B) Join her in criticizing the other driver.

C) Tell her to forget about it; after all, she is okay now, so it’s no big deal.

A discussion between you and your partner has escalated into a screaming match with personal attacks. What do you do?

A) Agree to take a 20-minute break before continuing the discussion.

B) Stop for a moment, collect your thoughts and restate your side.

C) Go silent, regardless of what your partner says.

These questions are a short snippet from the quiz given at the Transitional Stability Centre Wellness program to get clients looking into their own emotional intelligence. The more A’s you answer, the higher your emotional intelligence.


Associati explains that when you start to become more self-aware and begin using self-regulation techniques to manage your relationships, you notice the positive impact on your life, which is the ultimate goal.

“You no longer use the primitive part of your brain where those automatic thoughts take over and react for us. This area in our brain, called the amygdala, controls our flight, fight or freeze reaction and we really don’t want to use that in times of high stress,” said Asociati. “We want to use the frontal lobe of our brain, the executive function, where we are able to say ‘hey wait a second, what is an appropriate choice or response,’ and being emotional intelligent helps us do that.”

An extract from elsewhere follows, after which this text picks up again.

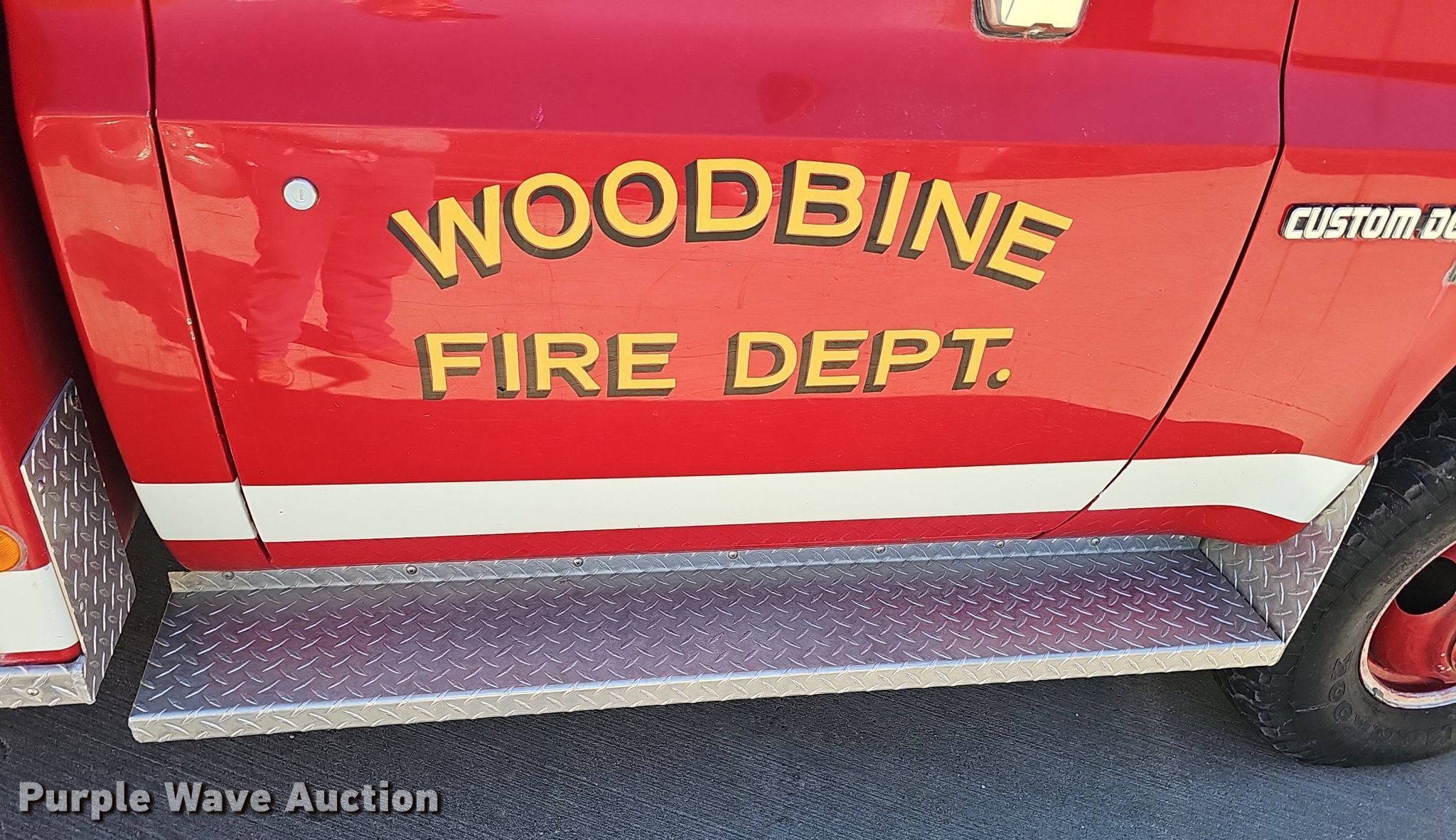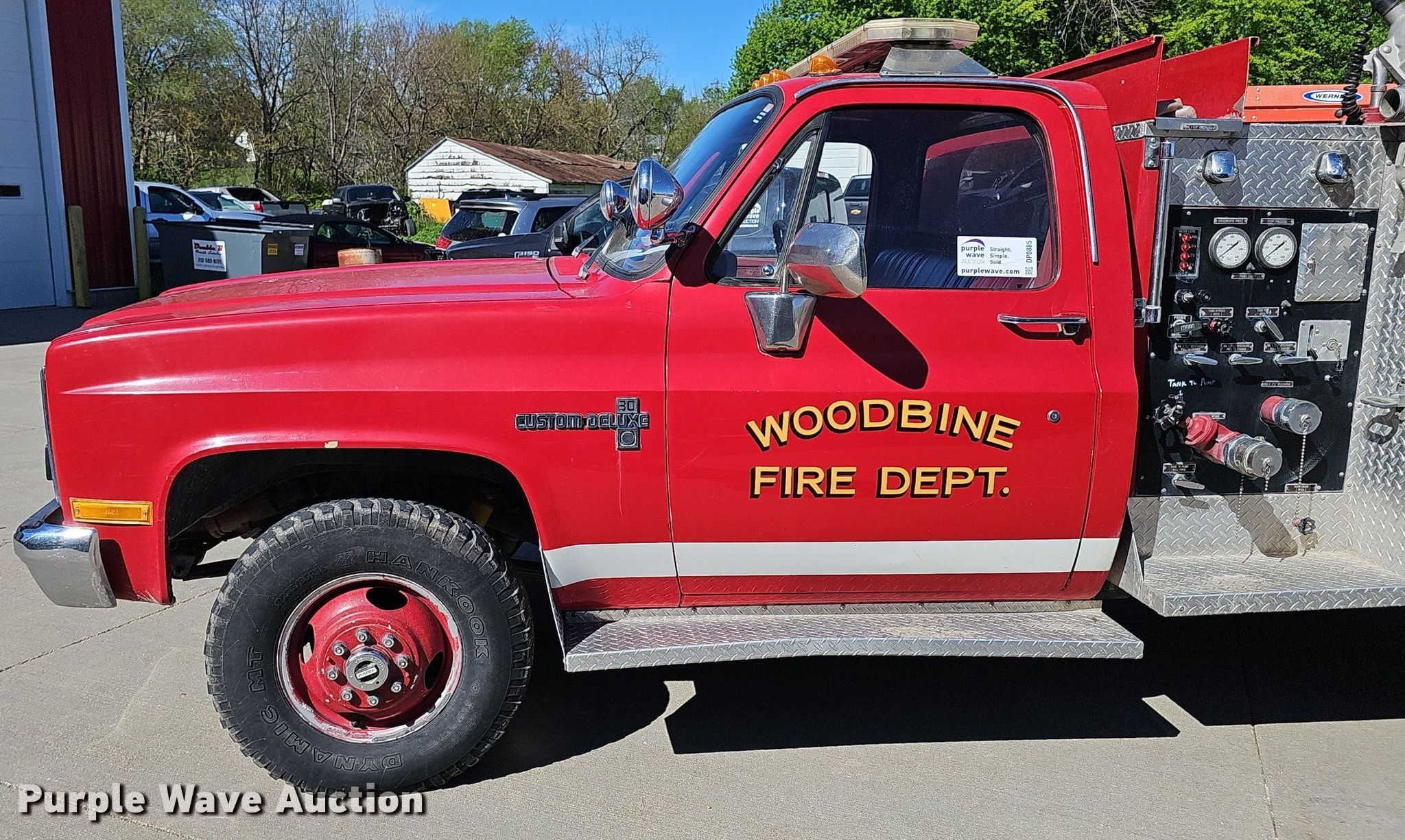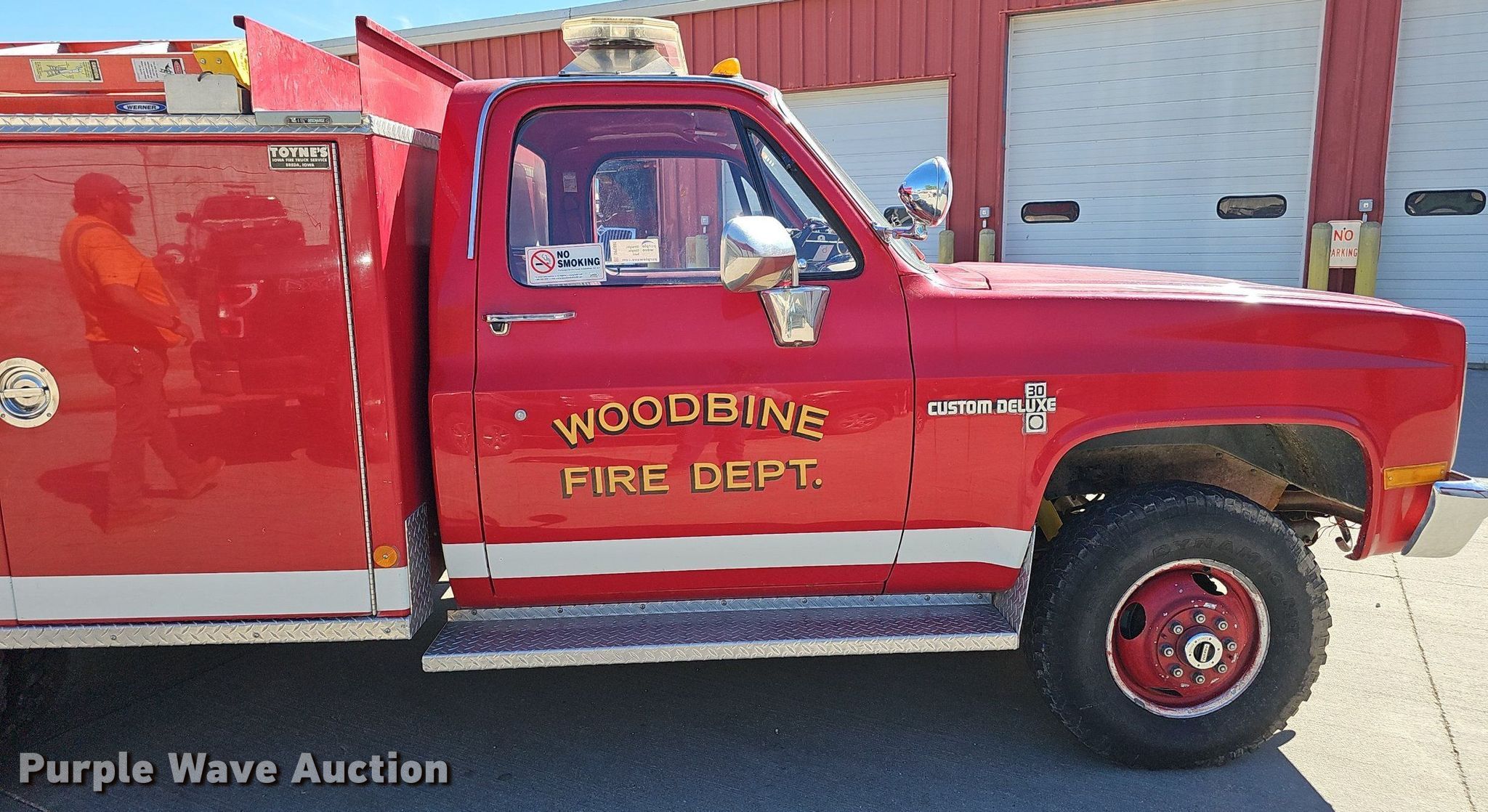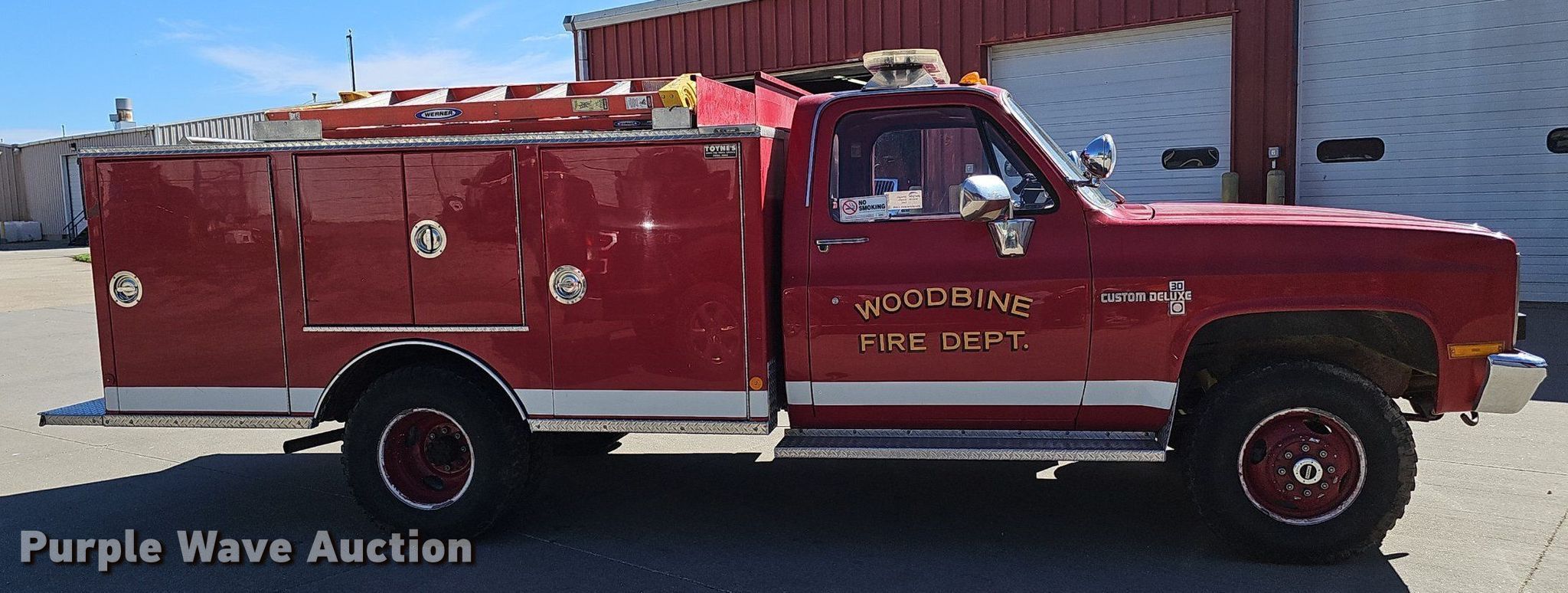 1983 Chevrolet Custom Deluxe K30 brush fire truck. Miles: 15,018 on odometer, VIN: 1GBJK34W2DV118417. Engine Displacement: 7.4L V8 OHV, Cylinders: 8, Fuel type: Gas. Transmission Manual, Speed: 4. Chassis Four wheel drive, Axles: Single, Suspension: Spring, Brakes: Hydraulic. Interior AC, Heat. Features Fire truck body Toyne's, 11' L x 87" W, Pump, PA/ siren controls. Tires Size: LT235/85R16. Notes Contents not included. Iowa title. Seller is a government entity who will be assigning and distributing the title. Please contact the seller for distribution questions. Woodbine Fire Department. Woodbine, IA 51579

Improving your EI is a lifelong journey with ebbs and flows along the way. Associati says she has patients well into their 70s who have been able to develop their EI to improve their daily lives, so it’s never too late to start. Learning these skills can help with every aspect of life, from mental health to parenting to networking, from office politics to leading a team to greatness or just killing it at the poker table. It all begins with recognizing the areas we need to improve. One new choice, one brave moment, one step closer to a better life.